Coexistence and migration sets are those that:
- May contain environment-specific characters
- May contain application-unique characters
- May contain device-specific characters
- May be a subset or superset of an interoperable set
- May not be widely supported.
Services in support of CDRA are collections of functions such as setting and querying of tag values, manipulating tag values, defaulting tag values, or detecting differences in tag values. These services are not architected interfaces defined by CDRA.
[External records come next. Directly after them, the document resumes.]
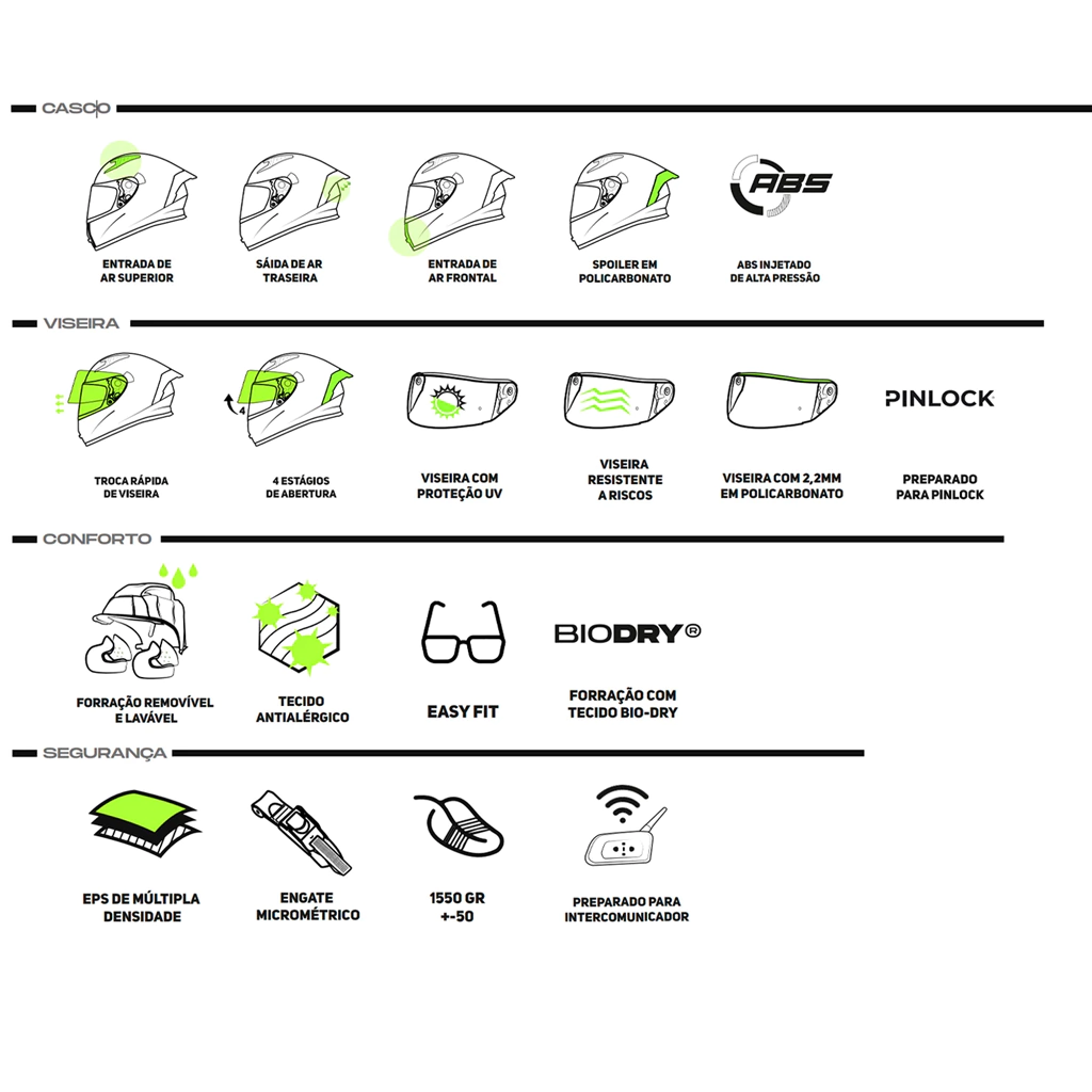 • Casco: Feito de ABS, oferecendo resistência e durabilidade
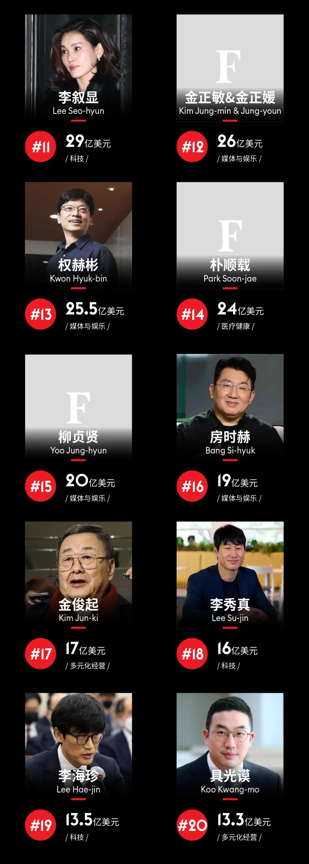 这个列表是基于从家庭和个人、证券交易所、年度报告、分析师、政府部门和其他渠道获得的职位和财务信息。富人的财富估值是根据截至2025年4月7日收盘时的股价和汇率来计算的,或许是福布斯官网。(Forbes.com)实时富豪榜数据有所不同。非上市公司的估值是基于与上市公司相似的交易数据。名单反映了个人财富和家庭财富,包括家庭互通的财富,所以可能不同于福布斯全球亿万富翁名单上的数据。后者的净资产数据截至3月7日。该名单还可能包括与韩国有业务、居住或其他相关的外国公民,或与该国有重要业务或其他相关的不生活在韩国的本国公民。根据新信息,编辑保留修改任何信息或删除任何上榜者的权利。
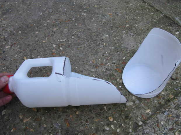 Echa un vistazo en este instructable para saber cómo hacer una catapulta de reciclado.Paso 1:Primero cortar la parte superior de una botella grande. Debe verse así.Paso 2:Cortar 8 líneas hacer un +. Cada corte debe parecerse a esto.Paso 3:Poner las g
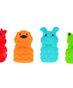 Fiecare element este realizat din silicon moale, flexibil, non-toxic, sigur pentru manipulare și pentru perioada erupției dentare. Texturile diferite stimulează explorarea tactilă și dezvoltarea sensibilității fine.
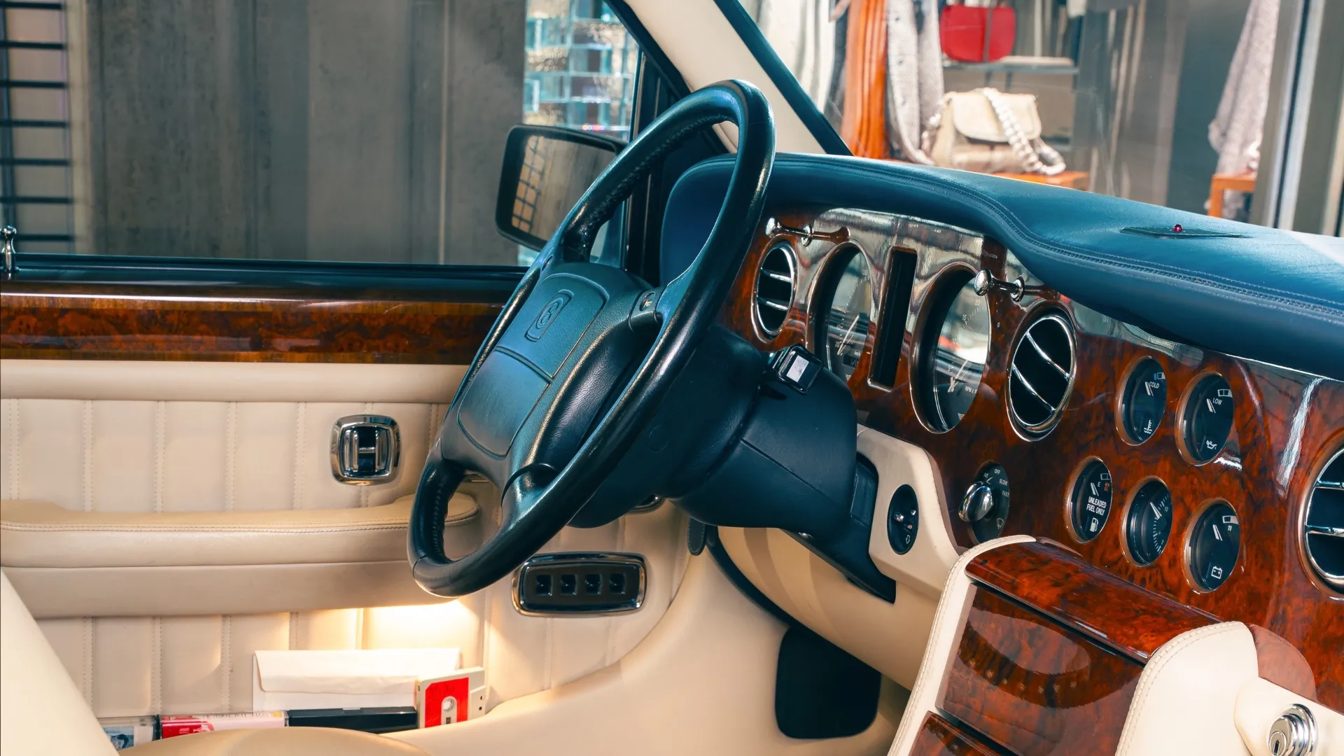 UNA STORIA TUTTA TRICOLORE. Secondo i registri di fabbrica Bentley (consultabili in archivio), il colore esterno blu reale intenso era accentuato da una sottile linea decorativa color pergamena. Gli interni combinavano invece pelle color pergamena con finiture in radica di noce e tappeti in pietra di Portland. La Brooklands fu consegnata nuova in Italia tramite la famosa concessionaria Sa.Mo.Car di Roma. Si dice che, in linea con le iniziali del suo primo proprietario di alto profilo, la Bentley fu immatricolata con la targa italiana AG138SE. In realtà AG erano le lettere in uso in quel periodo, dunque pura casualità, visto che in Italia non è possibile né ordinare targhe personalizzate né scegliere la successione preferita di lettere e numeri. È invece significativo che la Bentley abbia mantenuto questa immatricolazione per tutta la sua storia di proprietà italiana. Armani ha rivenduto la Brooklands alla Sa.Mo.Car alla fine di settembre 1996, prima che fosse acquistata da un nuovo proprietario nella periferia della capitale.

The CDRA-defined functions have architected call interfaces, called CDRA Application Programming Interfaces (CDRA APIs), that facilitate application code portability across environments. These services are callable using the conventions of any of the supported high-level languages.
Difference management is the process of managing different representations of graphic character data. It involves the ability to determine if a difference exists, and to deal with the difference in a predictable and consistent manner.
CDRA describes the general principles of how to manage the representation differences in coded graphic characters, and the criteria for creating character-data conversion tables. For consistency, a set of default conversion tables and conversion methods have been defined. Further, to minimize the differences and thereby minimize the potential data loss and data corruption problems, CDRA has identified character sets for interoperability.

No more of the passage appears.